The Last Black Man in San Francisco

Sundance Journal: The Last Black Man in San Francisco

The Last Black Man in San Francisco

Movie Rating:


Poetic and profound, Joe Talbot’s feature debut The Last Black Man in San Francisco tells a story of an ever-changing city where waves of gentrification have for generations defined just who gets to call the city home.

Working with collaborator Jimmie Fails, who plays a heightened version of himself, this is a moving, rich story that explicitly argues that only those who love a thing can be the ones to truly find fault and fight for change.

A warm tale of friendship more than a mere political screed, the film has a kind of wistfulness that’s inviting. We meet Jimmie as he maintains, uninvited, the outer appearance of a gorgeous mansion. Joined by his friend, the fishmonger/playwright Prentice (Jonathan Majors), the two sneak in to give coats of paint to the home that Jimmie was raised in, one that has the sweat of his grandfather leeched into the wood due to the hard work of putting it all together. The two then skateboard off together, the tightness and ease of their friendship obvious.

This central conceit – where the house acts as both an anchor to the community and a reflection of a changing demographic – leads the film through a series of examinations of this storied city. The narrative reflects on identity in many forms: What makes a home? What defines a city? How is a black man supposed to act, to dress, to behave, to dream when forces are fighting to keep him on a particular path? These existential elements raise the film up, tying the dynamic between Prentice and Jimmie to far larger themes.

As the film grows increasing theatrical, it loses some of its effectiveness and focus on what at the outset is an extremely engaging introduction to the characters. The points become less subtle and more overt, and the ideas are hammered home with increasing intensity. It’s a first film, so the sprawling last act can be forgiven, but one can’t help but think that a tauter execution would better serve this important story.
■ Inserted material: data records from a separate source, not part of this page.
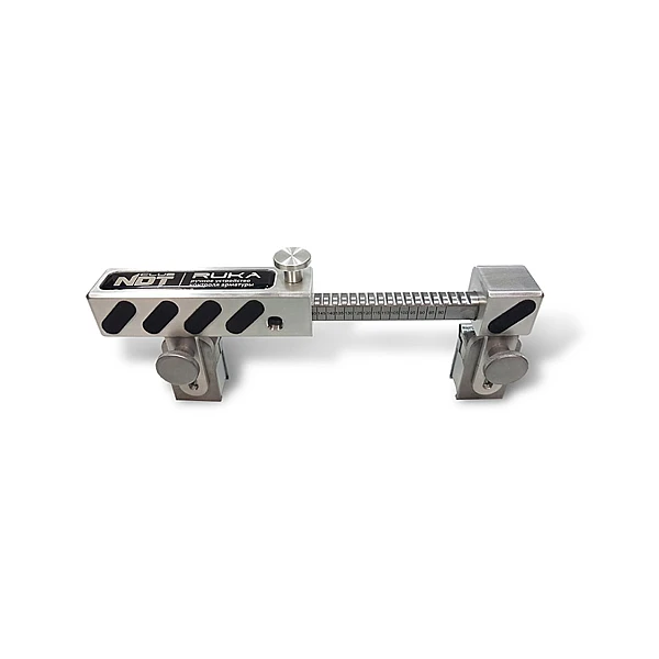 RUKA ручное устройство контроля арматуры - предназначено для ручного ультразвукового контроля стыковых однорядных соединений стержней арматуры диаметром от 20 до 40 мм, выполненных ванными и многослойными способами сварки в инвентарных формах, на стальных скобах-накладках и подкладках или без формующих и вспомогательных элементов. Устройство применяется в составе с ультразвуковым высокочастотным дефектоскопом общего назначения, позволяющим работать по раздельной схеме подключения ультразвуковых пьезоэлектрических преобразователей (ПЭП).
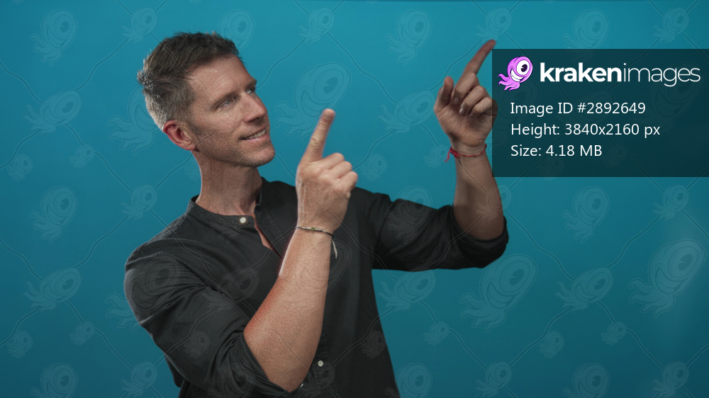 Man pointing both fingers outward in teal studio showing bare hands and forearms, wearing dark shirt and bracelet, smiling slightly; confidence.
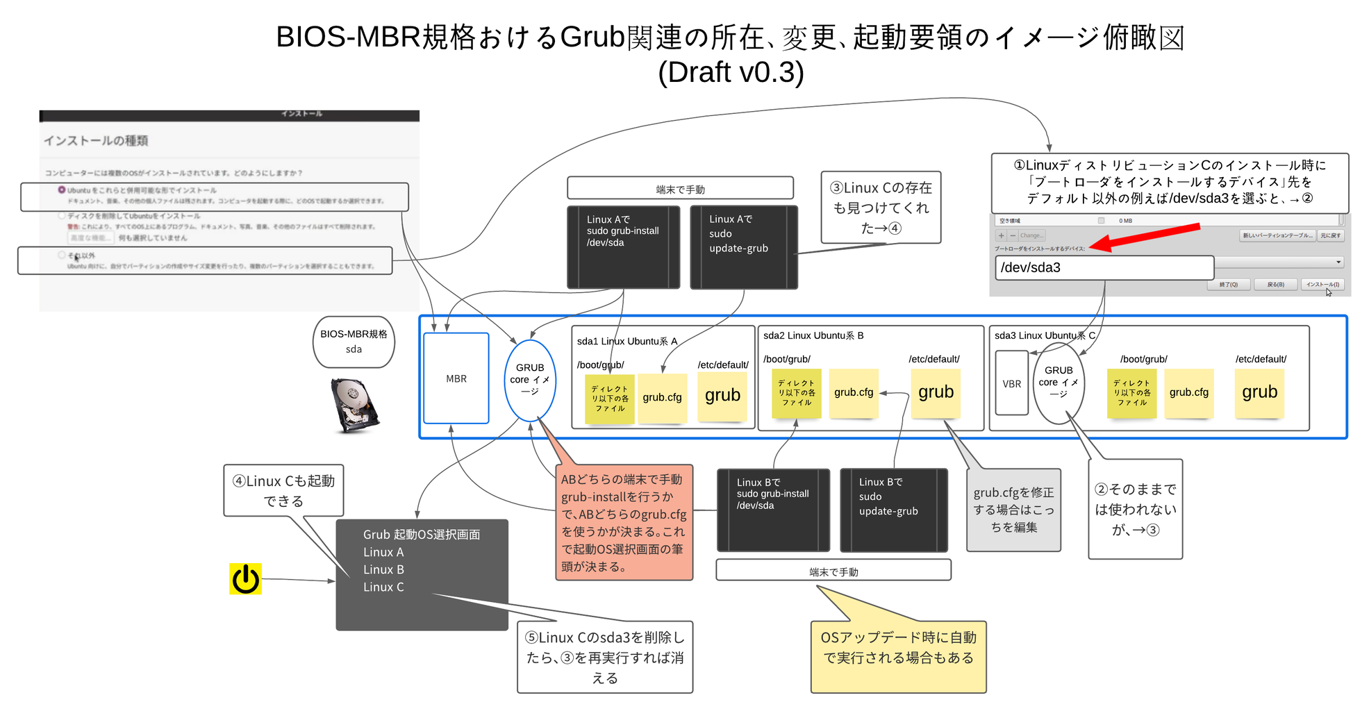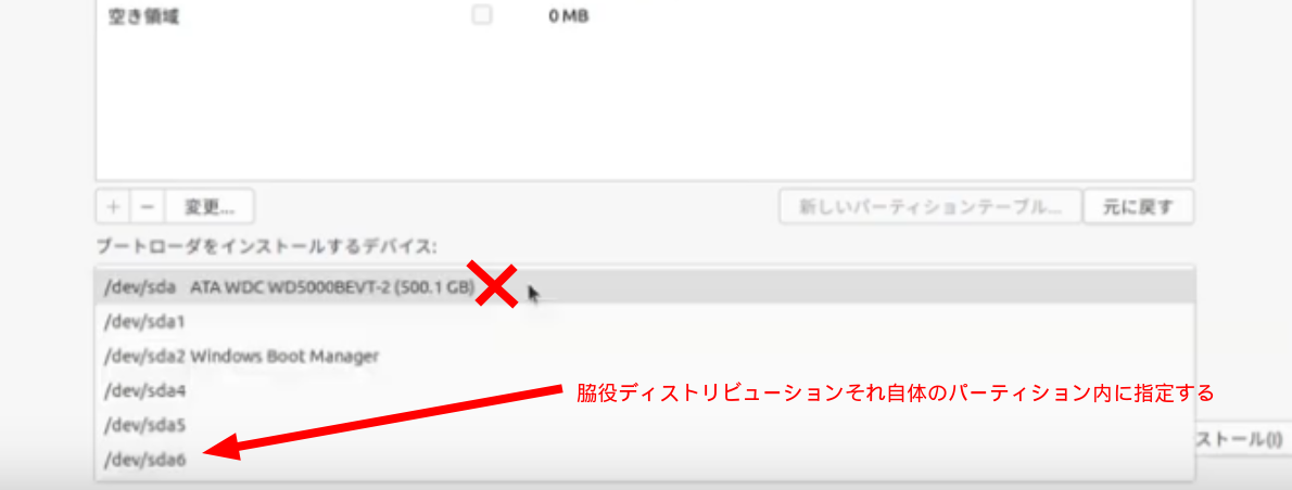 以後、お試しLinuxディストリビューションをインストールする際には意図的に「ブートローダをインストールするデバイス」先をお試しディストリビューションそれ自体のパーティション内を指定する。(まとめ的俯瞰図の①)

Narrative issues aside, there’s still so much to admire about The Last Black Man in San Francisco, starting with the engaging performances and beautiful visuals. This truly is a love story, between friends and a broken city in need of repair. The issues raised are ones far too often swept away. It’s a film that challenges expectations, demands attention, and proves unequivocally that Joe Talbot and his collaborators are talents to watch.